#5 - The Barrelled Arrow Problem
Barrelled and tapered arrows are a problem.
Basically, barrelled and tapered arrows protrude down in the middle by virtue of their shape, reducing the nominal half inch between the arrow and the central column by enough to significantly affect the spine reading.
I spent a long time wondering how Bearpaw got around this problem, and was totally baffled. Then I found an instruction manual online that contained a statement to the effect that arrows with non-parallel shafts could be measured and compared with each other but the absolute spine readings would not be accurate. So, Bearpaw hadn’t got around the issue at all, which made me feel a little better.

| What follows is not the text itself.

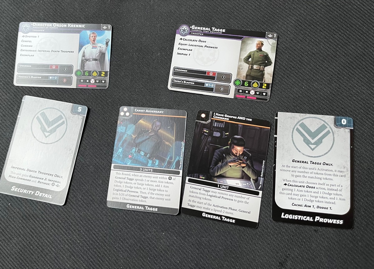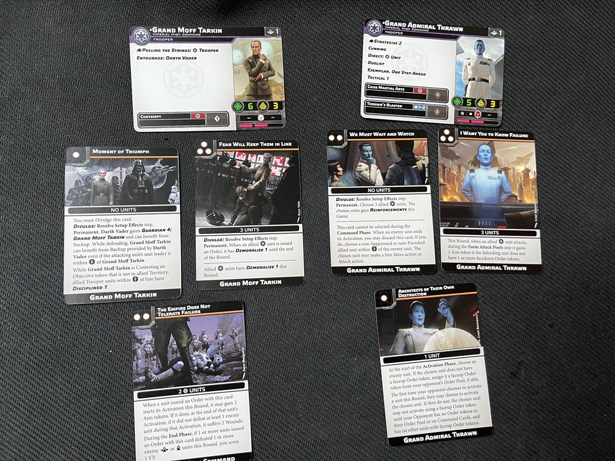 Each of the Characters basically has their own batch of Command/Upgrade Cards you can take with them. Sidenote: I forgot to include Director Krennic’s Command Cards in the picture below.

Now, barrelled and tapered arrows aren’t an issue for spine gauges with pointers or dial gauges as the gauges are so easy to zero that you can set the zero for each individual arrow. This doesn’t work for the Bearpaw as (I believe) it is calibrated at the factory, and a user can’t adjust it, so the problem is handwaved away. And it’s not great for my design either as my design is so difficult to calibrate. The pillar’s position is set with a grub-screw – if you loosen the screw then the pillar comes loose and drops down. Consequently it’s really hard to make fine adjustments. If every arrow that you measure is the same shape then you can spend time setting it for those arrows and forget about it, but small tweaks on an arrow by arrow basis aren’t really feasible.
If I was making it from scratch I’d thread the bottom of the pillar which would allow for easy, fine micrometer-like adjustments by turning it slightly. I think that’d be a worthwhile improvement anyway, but it’s still not an adjustment that you’d want to be doing a lot.
All in all, I’m not sure that there’s a good solution.